# Broadband Connection



## srimaya_rath (May 9, 2006)

Hi,

I want to take broadband internet connection for my home. Can anyone suggest me which one is good? I stay in Bangalore.

Tx,
Srimaya


----------



## Chirag (May 9, 2006)

This shld help *www.thinkdigit.com/forum/showthread.php?t=5355


----------



## soham (May 9, 2006)

Post in the correct section (the general section)


----------



## easwaran (May 10, 2006)

srimaya_rath said:
			
		

> Hi,
> 
> I want to take broadband internet connection for my home. Can anyone suggest me which one is good?

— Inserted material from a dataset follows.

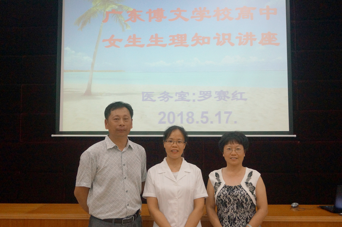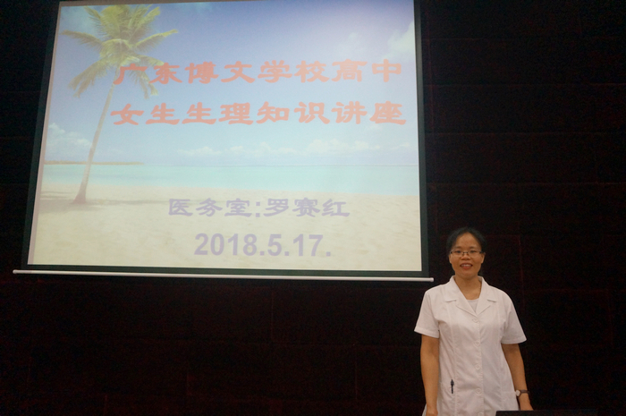 2018年5月17日,广东博文学校高中部开展“女生如何保护自己”的心理讲座。此次讲座由学校罗赛红医生和心理辅导老师郑璞玉针对青春期的女生该如何保护自己进行讲座,高中部和国际部的全体女生参加会议,高中部王家旭老师主持。

I stay in Bangalore.
> 
> ...



u  can get Airtel connection for 1000, 
no modem charges,256kps speed, unlimited usage, and most important good service.the only snag is that Airtel may not give for all the areas.
alternativly 
the may 2 nd announcement by BSNL home 900 plan provides 
256kps , unlimited usage, with modem chages or u can buy the modem
try 
it should be good,
or wait for bsnl 
to anounce more packages to beat the competition
good luck
easwaran
bangalore


----------



## gary4gar (May 10, 2006)

wrong section dude ! ! !
post in Q&A


----------



## QwertyManiac (May 10, 2006)

Depends on the usage... if u use it limited, go for a capped cheap connection of any ISP that has a good name in yr city... else opt for unlimited ones which are at a premium currently...


----------



## parthbarot (May 10, 2006)

take one which is around 500 to 900 Rs PM....mostly but gives u full time (24 hrs a day, 365 days free unlimited )...and 128 to 256 Kbps...


----------



## Netjunkie (May 14, 2006)

If u r concerned about your security then stay away from all the LAN based ISP's like Sify. They all suck.
Get Airtel or BSNL depending on your usage.


----------